Катя, которая не спеша подбирала цветок к цветку, с недоумением подняла глаза на Базарова – и, встретив его быстрый и небрежный взгляд, вспыхнула вся до ушей. Анна Сергеевна покачала головой.
– Деревья в лесу, – повторила она. – Стало быть, по-вашему, нет разницы между глупым и умным человеком, между добрым и злым?
– Нет, есть: как между больным и здоровым. Легкие у чахоточного не в том положении, как у нас с вами, хоть устроены одинаково. Мы приблизительно знаем, отчего происходят телесные недуги; а нравственные болезни происходят от дурного воспитания, от всяких пустяков, которыми сызмала набивают людские головы, от безобразного состояния общества, одним словом. Исправьте общество, и болезней не будет.

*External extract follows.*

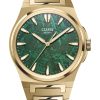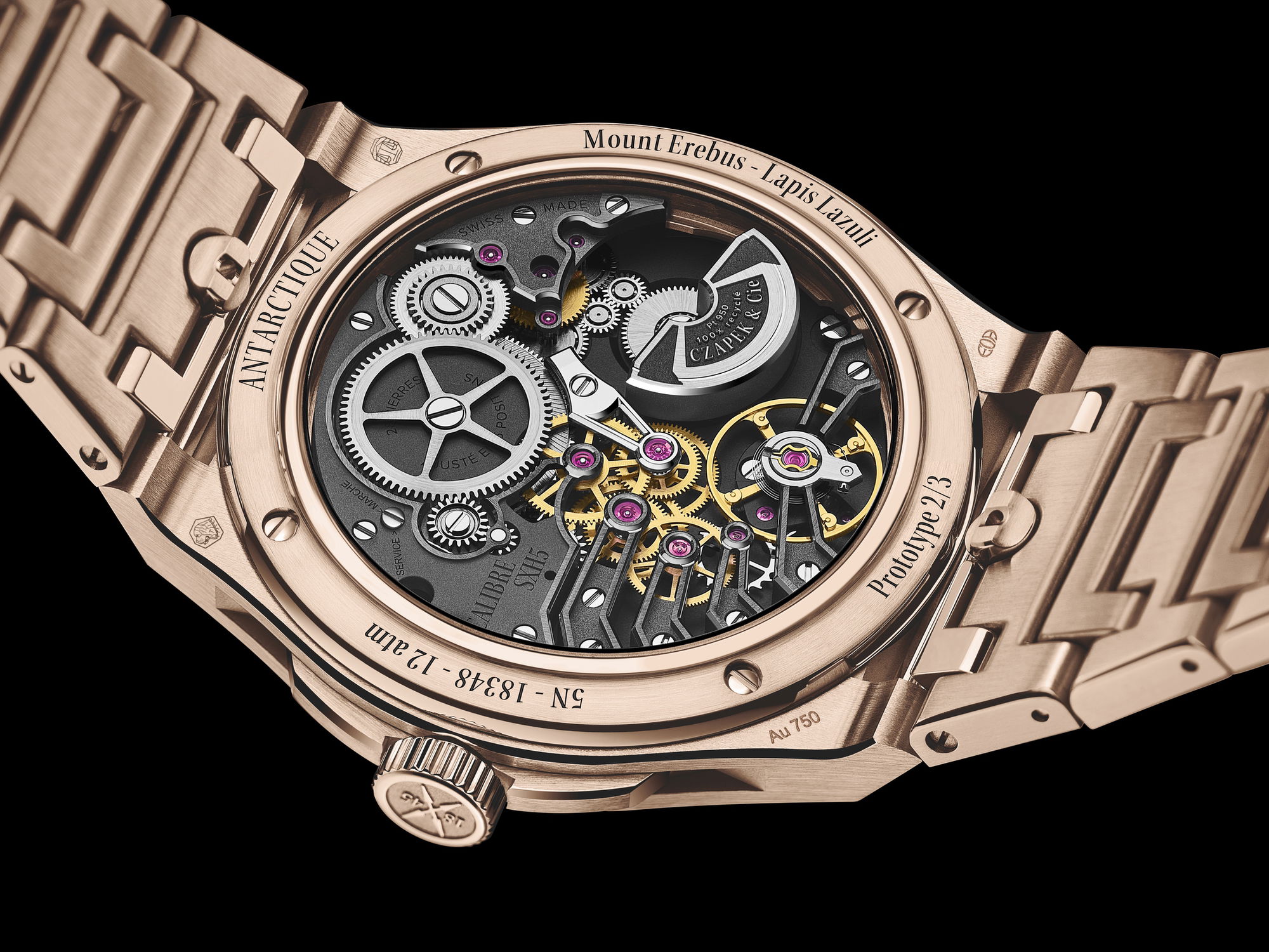 The new models include the Mount Erebus Lapis Lazuli in rose gold, its dial cut from deep-blue stone flecked with golden pyrite, and the Mount Erebus Falcon Eye, also in rose gold, with a dial that shimmers in layered tones of anthracite, blue, and bronze. Both stones are notoriously difficult to master: lapis can fracture in cutting, while falcon eye yields very few flawless dials. The third, the Mount Erebus Green Meteor, brings back the steel meteorite edition of last year in a new yellow-gold case, its Gibeon meteorite dial acid-etched, lacquered in translucent green, and alive with crystalline Widmanstätten patterns.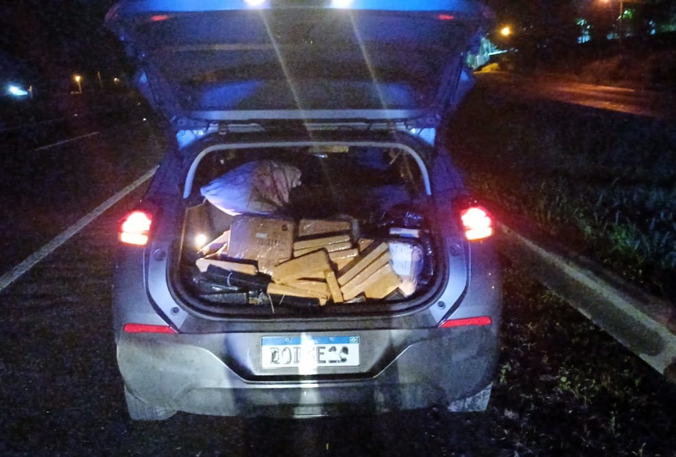 Depois de cinco quilômetros de perseguição, o veículo foi abordado pelos policiais. Durante a inspeção no interior do utilitário, os agentes encontraram os tabletes da droga no porta-malas e banco traseiro.

Базаров говорил все это с таким видом, как будто в то же время думал про себя: «Верь мне или не верь, это мне все едино!» Он медленно проводил своими длинными пальцами по бакенбардам, а глаза его бегали по углам.
– И вы полагаете, – промолвила Анна Сергеевна, – что, когда общество исправится, уже не будет ни глупых, ни злых людей?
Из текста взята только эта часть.